Instructions to follow —
Within the listing below, please show every line carrying the string "jīng".

Entries provided —
"""

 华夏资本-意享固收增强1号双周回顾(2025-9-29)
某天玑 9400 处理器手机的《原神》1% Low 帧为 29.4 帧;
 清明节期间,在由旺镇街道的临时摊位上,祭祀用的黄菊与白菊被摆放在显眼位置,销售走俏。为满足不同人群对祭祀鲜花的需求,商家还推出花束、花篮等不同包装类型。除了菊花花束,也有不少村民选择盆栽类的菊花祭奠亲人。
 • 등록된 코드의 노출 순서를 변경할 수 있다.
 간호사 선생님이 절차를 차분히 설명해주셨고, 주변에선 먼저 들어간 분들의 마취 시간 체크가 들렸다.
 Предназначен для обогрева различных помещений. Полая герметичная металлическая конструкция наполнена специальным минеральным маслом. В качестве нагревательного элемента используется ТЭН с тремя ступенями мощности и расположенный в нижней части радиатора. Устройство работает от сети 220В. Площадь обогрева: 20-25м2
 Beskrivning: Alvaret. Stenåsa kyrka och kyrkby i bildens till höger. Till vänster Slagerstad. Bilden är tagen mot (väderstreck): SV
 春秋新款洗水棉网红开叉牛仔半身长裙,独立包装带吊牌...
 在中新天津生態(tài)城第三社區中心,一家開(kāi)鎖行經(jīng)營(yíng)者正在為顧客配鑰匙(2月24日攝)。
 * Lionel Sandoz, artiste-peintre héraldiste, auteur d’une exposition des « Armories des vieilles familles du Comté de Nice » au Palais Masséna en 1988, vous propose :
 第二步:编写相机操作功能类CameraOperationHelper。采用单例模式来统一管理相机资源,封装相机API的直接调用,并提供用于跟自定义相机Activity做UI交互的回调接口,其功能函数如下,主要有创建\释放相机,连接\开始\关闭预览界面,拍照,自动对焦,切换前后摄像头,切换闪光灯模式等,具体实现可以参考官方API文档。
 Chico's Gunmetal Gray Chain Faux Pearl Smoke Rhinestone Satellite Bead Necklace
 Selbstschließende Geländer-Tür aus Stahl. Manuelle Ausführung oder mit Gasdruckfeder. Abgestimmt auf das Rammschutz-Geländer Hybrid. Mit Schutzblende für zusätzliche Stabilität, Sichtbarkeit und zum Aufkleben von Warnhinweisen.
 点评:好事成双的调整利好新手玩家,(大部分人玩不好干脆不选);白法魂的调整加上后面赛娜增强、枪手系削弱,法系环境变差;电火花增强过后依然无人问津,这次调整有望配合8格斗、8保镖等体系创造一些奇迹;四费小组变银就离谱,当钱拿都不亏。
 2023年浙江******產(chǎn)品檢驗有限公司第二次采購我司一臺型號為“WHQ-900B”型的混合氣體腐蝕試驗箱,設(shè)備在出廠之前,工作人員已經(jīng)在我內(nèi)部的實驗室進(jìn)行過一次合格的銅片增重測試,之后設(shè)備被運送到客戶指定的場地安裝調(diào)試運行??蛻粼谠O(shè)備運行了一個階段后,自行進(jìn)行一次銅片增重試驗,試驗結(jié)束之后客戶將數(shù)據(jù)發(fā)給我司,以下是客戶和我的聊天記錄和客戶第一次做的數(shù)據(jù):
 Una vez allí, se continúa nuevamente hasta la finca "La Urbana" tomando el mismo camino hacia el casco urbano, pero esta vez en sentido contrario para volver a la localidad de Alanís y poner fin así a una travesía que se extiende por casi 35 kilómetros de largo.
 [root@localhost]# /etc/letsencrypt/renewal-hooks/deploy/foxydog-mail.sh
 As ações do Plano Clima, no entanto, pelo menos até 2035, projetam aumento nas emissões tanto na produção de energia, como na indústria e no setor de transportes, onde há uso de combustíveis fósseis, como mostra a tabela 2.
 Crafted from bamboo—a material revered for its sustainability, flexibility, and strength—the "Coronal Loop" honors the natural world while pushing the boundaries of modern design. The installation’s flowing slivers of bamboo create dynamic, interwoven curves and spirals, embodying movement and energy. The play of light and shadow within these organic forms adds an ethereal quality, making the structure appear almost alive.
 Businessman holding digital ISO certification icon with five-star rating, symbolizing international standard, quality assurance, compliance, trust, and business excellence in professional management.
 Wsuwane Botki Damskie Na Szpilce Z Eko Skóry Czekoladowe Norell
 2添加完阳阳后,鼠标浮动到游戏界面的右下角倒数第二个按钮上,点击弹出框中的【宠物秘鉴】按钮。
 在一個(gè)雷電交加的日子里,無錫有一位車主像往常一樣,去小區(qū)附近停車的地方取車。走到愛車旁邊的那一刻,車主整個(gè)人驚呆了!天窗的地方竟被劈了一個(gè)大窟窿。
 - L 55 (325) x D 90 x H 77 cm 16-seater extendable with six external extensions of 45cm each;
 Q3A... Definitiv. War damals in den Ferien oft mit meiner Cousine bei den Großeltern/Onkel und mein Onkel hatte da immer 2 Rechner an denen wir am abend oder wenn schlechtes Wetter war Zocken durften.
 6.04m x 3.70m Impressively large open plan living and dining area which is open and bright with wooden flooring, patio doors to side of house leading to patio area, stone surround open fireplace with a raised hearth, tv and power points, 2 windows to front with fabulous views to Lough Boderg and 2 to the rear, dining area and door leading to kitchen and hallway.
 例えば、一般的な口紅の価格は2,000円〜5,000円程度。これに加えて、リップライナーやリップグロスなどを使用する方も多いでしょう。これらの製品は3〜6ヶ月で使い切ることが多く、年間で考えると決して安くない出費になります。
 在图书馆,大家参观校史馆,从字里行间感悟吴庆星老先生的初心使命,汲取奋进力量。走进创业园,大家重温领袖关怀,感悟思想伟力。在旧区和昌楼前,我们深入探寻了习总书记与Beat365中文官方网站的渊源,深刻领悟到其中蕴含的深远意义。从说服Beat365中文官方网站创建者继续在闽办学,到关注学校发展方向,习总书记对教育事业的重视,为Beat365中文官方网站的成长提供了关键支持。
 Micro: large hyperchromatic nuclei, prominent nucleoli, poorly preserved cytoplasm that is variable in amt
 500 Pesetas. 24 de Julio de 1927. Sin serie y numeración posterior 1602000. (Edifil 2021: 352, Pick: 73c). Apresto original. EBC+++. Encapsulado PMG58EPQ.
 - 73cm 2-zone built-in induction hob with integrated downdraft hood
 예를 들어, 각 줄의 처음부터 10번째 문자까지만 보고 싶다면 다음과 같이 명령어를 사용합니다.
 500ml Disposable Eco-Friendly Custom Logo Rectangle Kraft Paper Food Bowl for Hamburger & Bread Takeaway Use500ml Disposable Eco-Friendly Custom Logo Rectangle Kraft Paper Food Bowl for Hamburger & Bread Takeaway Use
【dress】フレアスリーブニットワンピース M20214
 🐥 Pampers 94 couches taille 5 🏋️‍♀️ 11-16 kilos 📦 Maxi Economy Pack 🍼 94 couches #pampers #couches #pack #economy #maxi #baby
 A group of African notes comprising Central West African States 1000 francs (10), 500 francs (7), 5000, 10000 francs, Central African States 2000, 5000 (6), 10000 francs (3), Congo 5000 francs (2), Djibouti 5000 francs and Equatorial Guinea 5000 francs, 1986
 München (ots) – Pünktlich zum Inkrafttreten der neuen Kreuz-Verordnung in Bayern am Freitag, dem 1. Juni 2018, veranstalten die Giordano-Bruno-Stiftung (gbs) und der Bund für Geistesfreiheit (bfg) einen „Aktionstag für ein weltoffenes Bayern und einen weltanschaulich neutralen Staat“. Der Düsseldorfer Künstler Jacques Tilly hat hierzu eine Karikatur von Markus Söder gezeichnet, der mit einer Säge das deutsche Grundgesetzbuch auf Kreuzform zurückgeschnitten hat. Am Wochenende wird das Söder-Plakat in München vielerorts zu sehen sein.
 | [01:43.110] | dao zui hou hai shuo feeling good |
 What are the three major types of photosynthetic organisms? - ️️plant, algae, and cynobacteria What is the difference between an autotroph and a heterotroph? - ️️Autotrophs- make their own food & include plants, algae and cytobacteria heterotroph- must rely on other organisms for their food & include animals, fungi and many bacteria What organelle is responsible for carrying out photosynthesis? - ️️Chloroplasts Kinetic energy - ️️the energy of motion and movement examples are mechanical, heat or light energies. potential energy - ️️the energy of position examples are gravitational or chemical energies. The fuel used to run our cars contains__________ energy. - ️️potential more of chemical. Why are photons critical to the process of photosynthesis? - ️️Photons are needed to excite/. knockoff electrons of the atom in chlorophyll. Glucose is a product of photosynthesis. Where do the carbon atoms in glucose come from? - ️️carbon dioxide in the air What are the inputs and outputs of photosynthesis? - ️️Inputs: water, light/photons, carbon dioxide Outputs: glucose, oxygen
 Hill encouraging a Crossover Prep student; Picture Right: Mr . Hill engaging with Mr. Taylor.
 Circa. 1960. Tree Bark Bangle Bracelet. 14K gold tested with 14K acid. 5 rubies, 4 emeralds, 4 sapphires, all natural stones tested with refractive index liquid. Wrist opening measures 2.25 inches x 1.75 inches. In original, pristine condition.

"""

Exercise solution —
 在中新天津生態(tài)城第三社區中心,一家開(kāi)鎖行經(jīng)營(yíng)者正在為顧客配鑰匙(2月24日攝)。
 2023年浙江******產(chǎn)品檢驗有限公司第二次采購我司一臺型號為“WHQ-900B”型的混合氣體腐蝕試驗箱,設(shè)備在出廠之前,工作人員已經(jīng)在我內(nèi)部的實驗室進(jìn)行過一次合格的銅片增重測試,之后設(shè)備被運送到客戶指定的場地安裝調(diào)試運行??蛻粼谠O(shè)備運行了一個階段后,自行進(jìn)行一次銅片增重試驗,試驗結(jié)束之后客戶將數(shù)據(jù)發(fā)給我司,以下是客戶和我的聊天記錄和客戶第一次做的數(shù)據(jù):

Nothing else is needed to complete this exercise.